Community forum addresses harm done by smoking
Published 6:56 am Monday, November 22, 2004
By By ANNA M. LEE Managing Editor
Citizens and leaders of Brewton and East Brewton gathered Thursday night at D.W. McMillan Memorial Hospital to discuss the damage smoking does to individuals and the whole community.
Pediatrician Marsha Raulerson brought to the discussion some startling facts about the effects of secondhand smoke on children.
For example, children with respiratory illnesses almost always live with a smoker, the leading cause of asthma in children is secondhand smoke, and smoking is the No. 1 cause of low birthweight in babies, she said.
Also at the forum, Spike Maxwell, who has been in the insurance industry for 21 years, spoke about the additional costs smokers pay for insurance and his own personal experiences with loved ones who smoked.
A respiratory therapist for 24 years, Lillian Heller is no stranger to the damage caused by smoking.
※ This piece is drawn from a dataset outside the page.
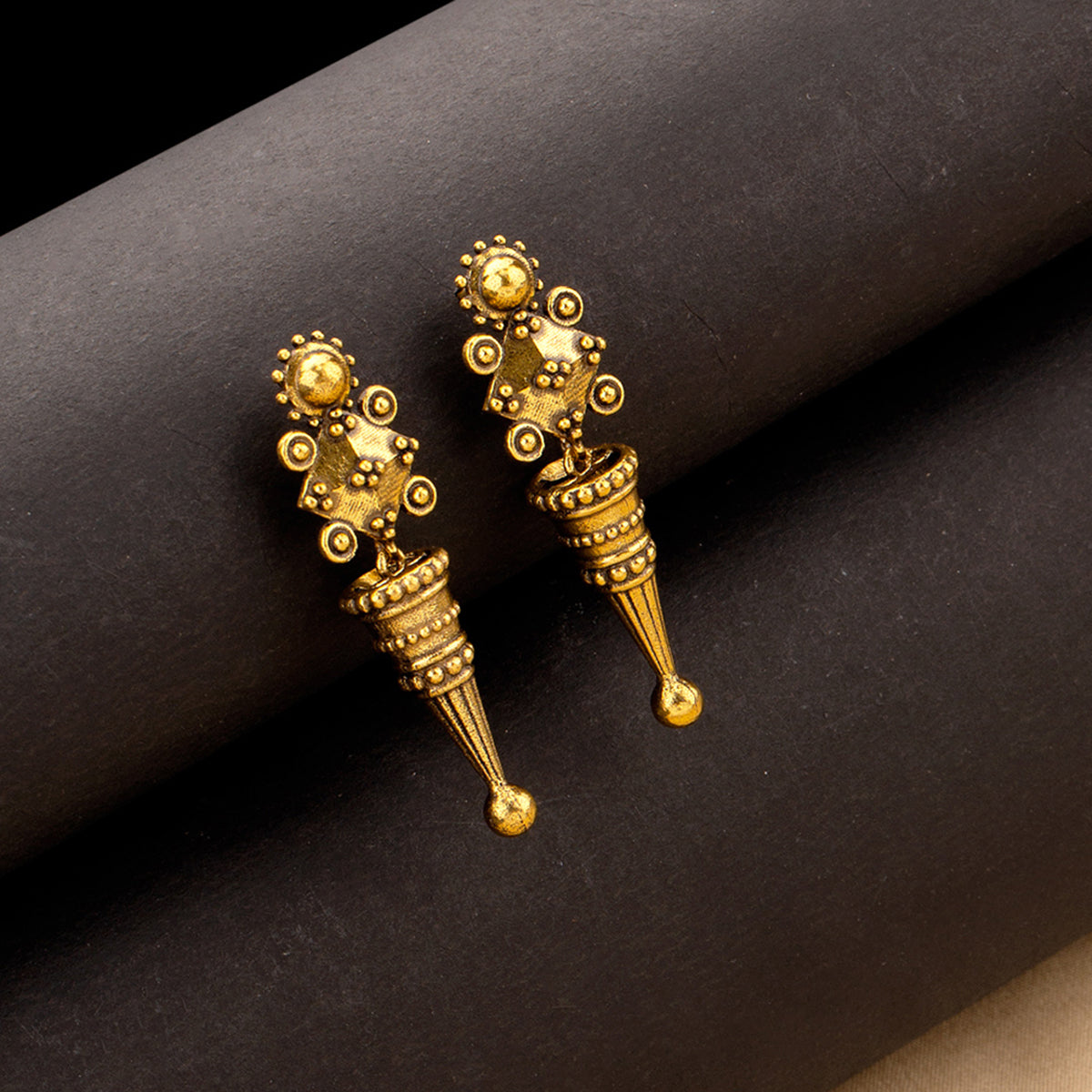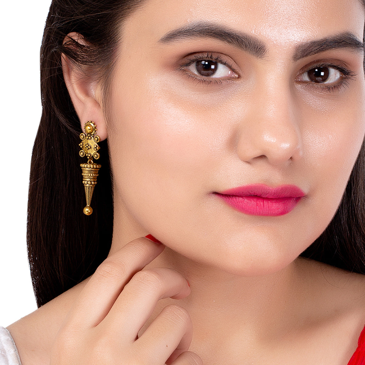 Add luster to your ethnic look by donning these trendy earrings. This brass pair has given an oxidized gold finish that gives out an exquisite sense of style. Accessorize your simple kurta with a pair of these earrings.Weight (Gms): 10.08Size...

She said that 85 percent of smoke produced by a cigarette is a particularly harmful form of smoke that contains smaller particles which reach deeper into a person's lungs and are harder to exhale.
Wendy Riley told the painful story of how her father -- who smoked two to three packs of cigarettes a day -- died of tongue and laryngeal cancer after a very long battle. She said her father had begun smoking at the age of nine.
Riley said her experience with her father has turned her into a hater of smoking. "I hope we can all work together, and I will do anything to make this a reality," she said of the Coalition for a Tobacco Free Escambia County's efforts to encourage East Brewton and Brewton to a public smoking ban.
Thursday's forum was organized by Tina Findley, Tobacco Prevention and Control Coordinator with the Alabama Department of Public Health. Findley said the Coalition has collected 1,200 signatures of people in the area who support a smoking ban.